7 Ağustos 2009 Cuma

Vergi indirimi otomotive yaradı

Hükümetin krizle duran talebi canlandırmak amacıyla Mart ayında aldığı Özel Tüketim Vergisi ve Katma Değer Vergisi indirimlerinden otomotiv sektörü kazançlı çıktı. Türkiye'nin en büyük otomotiv şirketlerinden Renault Mais'in Genel Müdürü İbrahim Aybar, "ÖTV indirimi sektöre
nefes aldırdı. Fazla stoklar eridi" dedi. Aybar, üç aylık dönemdeki satışın geçen yıla oranla 50 bin daha fazla olduğunu belirterek, "Bu sektör adına önemli bir kazanımdır" dedi. Otomotiv pazarında 2008 ortasından itibaren yüzde 60'a varan düşüş yaşandığını kaydeden İbrahim Aybar, vergi indirimleriyle 2009'un ikinci çeyreğinde toparlanma yaşandığını kaydetti. Kriz ortamında ülkedeki otomotiv fabrikalarının tam kapasiteyle çalışmaya başladığını hatırlatan Aybar, "Sağlanan imkanlarla vatandaşlar ekonomik araçlar alabildi" dedi. Ticari araç pazarında da iyileşmeye dikkat çeken Aybar, geçen yıla göre satışların yüzde 7 arttığını da hatırlattı.
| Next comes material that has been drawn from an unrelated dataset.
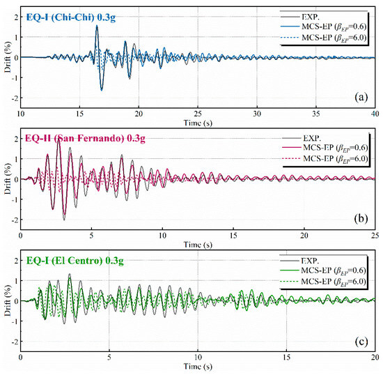 Comparison of the drift response histories between the test and numerical results under (a) EQ−I; (b) EQ−II; and (c) EQ−III.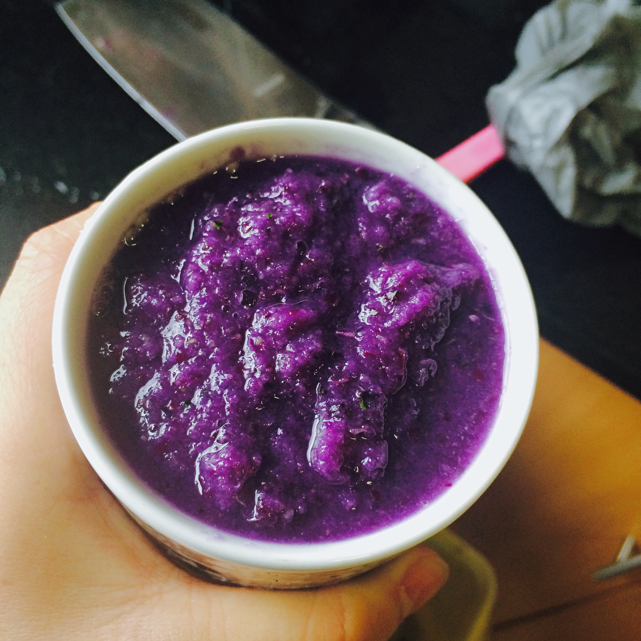 加的苹果和菠萝...罐头-.-说好的嫩嫩玫红呢...紫甘蓝加太多了大概但是喝起来却没有什么味道呢

Fannie üçüncü kez Hazine'ye el açtı

Krizden ötürü batmanın eşiğine gelmesi ardından geçen yıl ABD Hazinesi tarafından kurtarılan mortgage şirketi Fannie Mae, üçüncü kez hükümtten yardım istedi. Fannie Mae, yılın ikinci çeyreğinde 15.2 milyar dolar zarar açıklaması ardından Hazine'den 10.7 milyar dolar yardım talep etti. Fredie Mac ile birlikte morgtgage piyasasında düzenleyici konumundaki Fannie Mae, Mart ayında da Hazine'den 15.2 milyar dolar yardım almıştı. Analistler, gayrimenkul sektöründeki bozulmanın sürmesi ve mortgage borçlarının ödenememesinden kaynaklanan sorunların artmasıyla zarar miktarının daha da artabileceğini ifade ediyorlar. Fannie Mae ve Freddie Mac şimdiye kadar hükümetten 200'er milyar dolar yardım almıştı. Fannie'nin son isteğiyle birlikte bu şirketler Hazine'den şimdiye kadar 96 milyar dolar ek yardım talebinde bulunmuş oldu. Amerikan hükümeti, gelecek yıldan itibaren bu şirketlerdeki devlet kontrolünden vazgeçerek ortak bir yapıya kavuşturmayı hedefliyor.

6 Ağustos 2009 Perşembe

Trichet: Yeni canlanma önlemleri gerekmiyor

Avrupa Merkez Bankası Başkanı Jean-Claude Trichet, enflasyon oranının yıl sonuna doğru yeniden artıya geçeceğini söyledi. Trichet, düzenlediği basın toplantısında, yılın kalan dönemindeki daralmanın ilk çeyreğe oranla azalacağını öngörürken, "Uzun bir süre büyüme zayıf kalacak. Kademeli bir toparlanma olacak" dedi. Krizle birlikte artan parasal genişlemenin yeterli sonuç vermediğine işaret eden Trichet, "Bankalar sermaye tabanlarını güçlendirmeli. Ekonominin toparlanmasıyla kriz önlemleri geri çekilecek. Yeni mali canlandırma önlemlerine gerek yok" dedi. Avrupa Merkez Bankası Yönetim Kurulu yaptığı toplantıda kısa vadeli faizlerin yüzde 1 olarak değiştirilmediğini de açıkladı.

TOKİ Seyrantepe'de şartları iyileştirdi

Galatasaray Kulubü'nün maçlarını oynayacağı Seyrantepe Spor Kompleksi'nde sözleşme iptali ardından yeniden açılan ihaleye tek fimanın katılması, Toplu Konut İdaresi'ni çözüm aramaya yöneltti. Toplu Konut İdaresi Başkanı Erdoğan Bayraktar, açacakları yeni ihalede bir yılda bitirilmek şartını koruyacaklarını belirterek, "İhaleye katılımı artırmak için, TOKİ payının yüzde 5'inin peşin ödenmesi şartını kaldırıyoruz" dedi. Bayraktar, stadyum projesindeki açılır-kapanır çatının ise teslimden bir yıl sonra yapılmasını isteyeceklerini söyledi. TOKİ Başkanı Bayraktar, ihaleyi alan firmaya gerekli kredileri alabilmesi için temlik verileceğini de kaydetti.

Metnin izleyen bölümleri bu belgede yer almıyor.